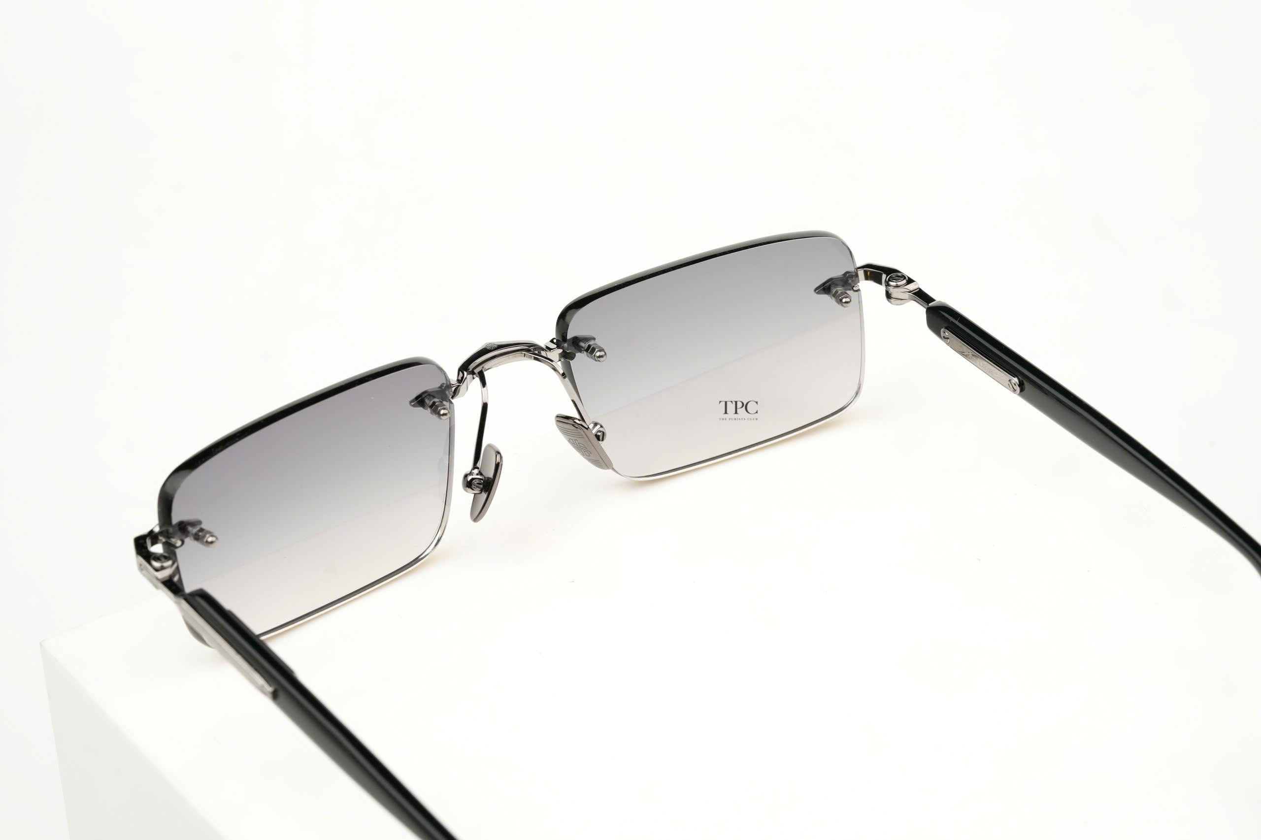 The temple structure extends into a titanium-colored metal arm, offering a refined contrast, and ends with acetate temple tips in a shiny black tone for comfort and balance.
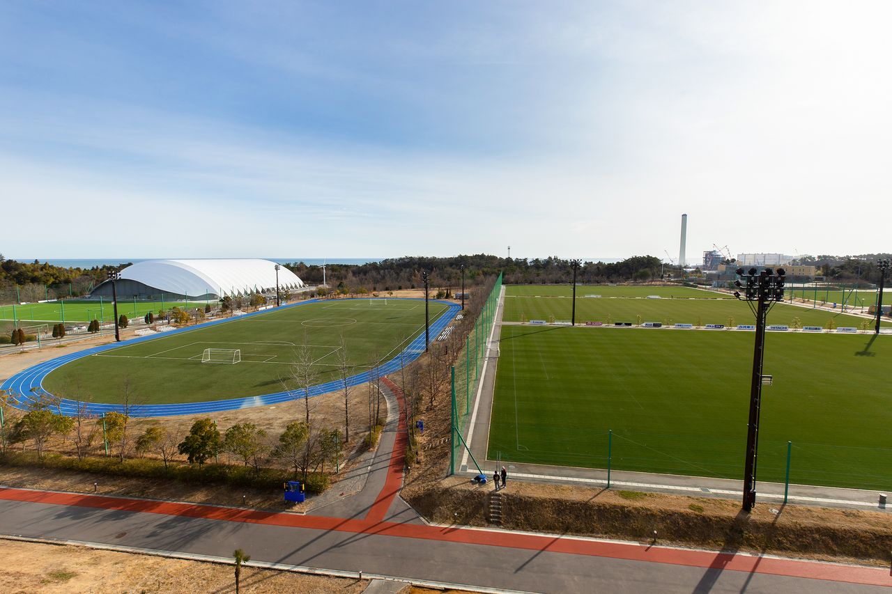 Los campos deportivos del J-Village desde su Edificio Central. Los tres campos que ocupan la mitad derecha de la fotografía son de césped natural. El espacio interior de la pista de atletismo de la izquierda, de césped artificial. Por encima de la carpa puede divisarse, al fondo, el océano Pacífico.
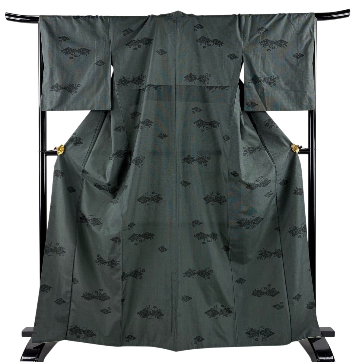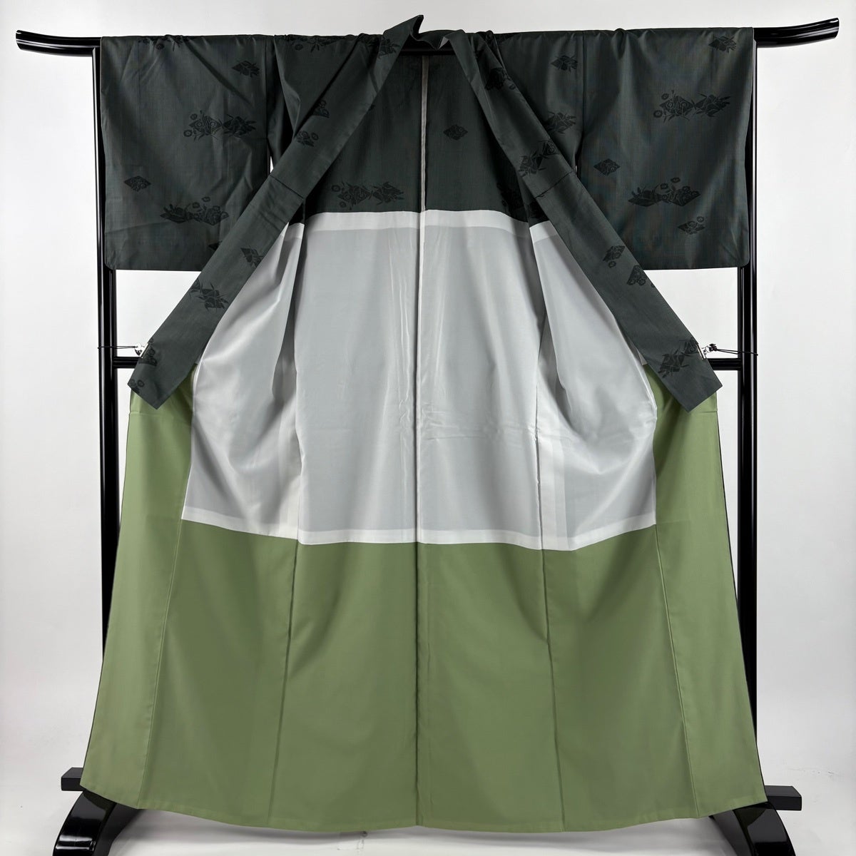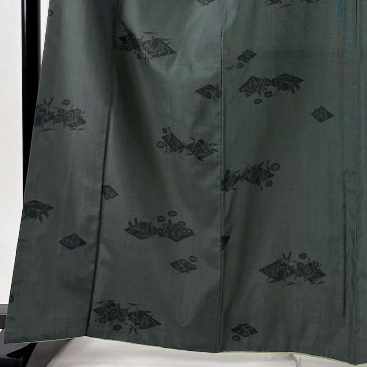 紬 身丈165cm 裄丈67cm M 袷 背抜き 草花 菱 深緑 正絹 秀品
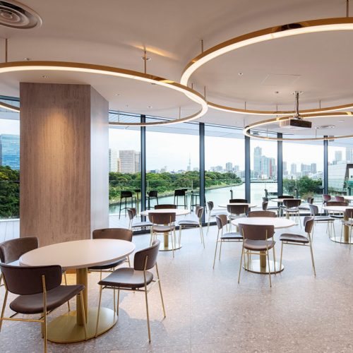 A large dining area where you can see the Hamarikyu Gardens in front of you and feel the breath of nature while staying in the city center. You can enjoy the view of the Bay Area from the window. When the weather is nice, you can see the Sky Tree Tower, and at dinner time you can enjoy the calm night view.
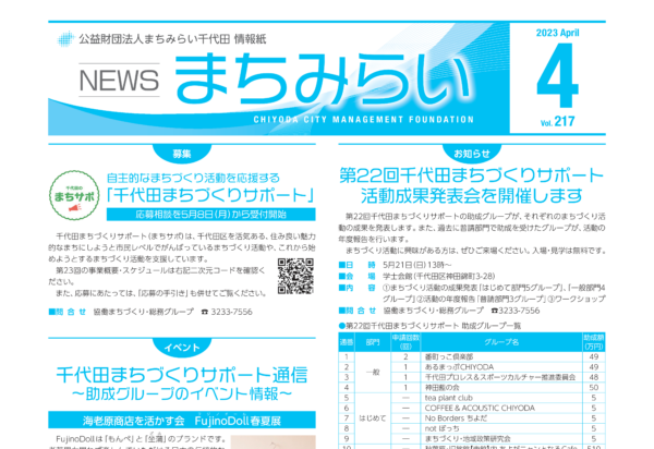 NEWSまちみらいNo.217(令和5年4月20日号)を発行しました 2023.04.21 財団からのお知らせ NEWSまちみらいNo.217(令和5年4月20日号)を発行しました。 左の画像をクリックし、ご覧ください。 本紙はまちみらい千代田が実施する事業などについて、千代田区内に広く情報提供するため、毎月20日に「広報千代田」に折り込みで発行しています。 ⇒ NEWSまちみらいバックナンバーはこちら
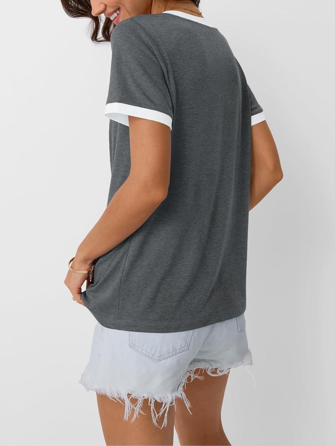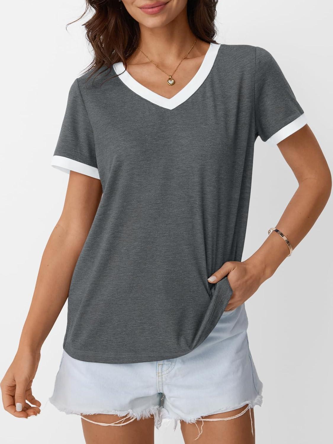 AUTOMET Womens Short Sleeve T-Shirts Summer Tops Casual Soft Tunic V Neck Basic Workout Clothes Spring Fashion Outfits 2025(Grey)
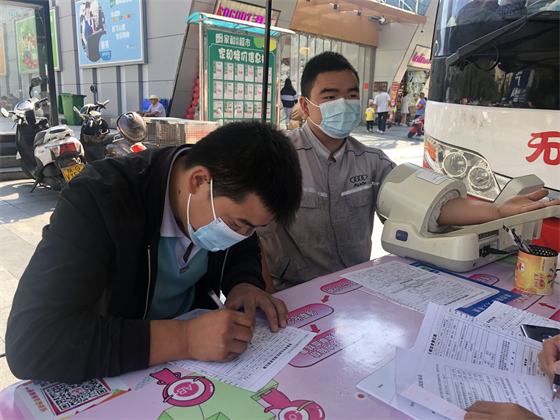 家在西安的刘盼与妻子分属两地工作,每逢节假日他都会开车来安康与妻子一起团聚,中秋这天照例和妻子出门过二人世界的刘盼在献血车前停下了脚步。“上次在西安献血都好几年前了,今天日子好,我去献个血吧?”说完刘盼拉着妻子一起上了献血车。等待初筛结果过程中,他一直拉着妻子的手说笑,夫妻俩显得亲密无间。检验结果合格后刘盼很爽快地要捐献400毫升血液。

···

Task details
Repeat the listing above up to and including the line with "紬 身丈165cm 裄丈67cm M 袷 背抜き 草花 菱 深緑 正絹 秀品", starting from its first line. Drop any pictures.

Solution to this task
 The temple structure extends into a titanium-colored metal arm, offering a refined contrast, and ends with acetate temple tips in a shiny black tone for comfort and balance.
 Los campos deportivos del J-Village desde su Edificio Central. Los tres campos que ocupan la mitad derecha de la fotografía son de césped natural. El espacio interior de la pista de atletismo de la izquierda, de césped artificial. Por encima de la carpa puede divisarse, al fondo, el océano Pacífico.
 紬 身丈165cm 裄丈67cm M 袷 背抜き 草花 菱 深緑 正絹 秀品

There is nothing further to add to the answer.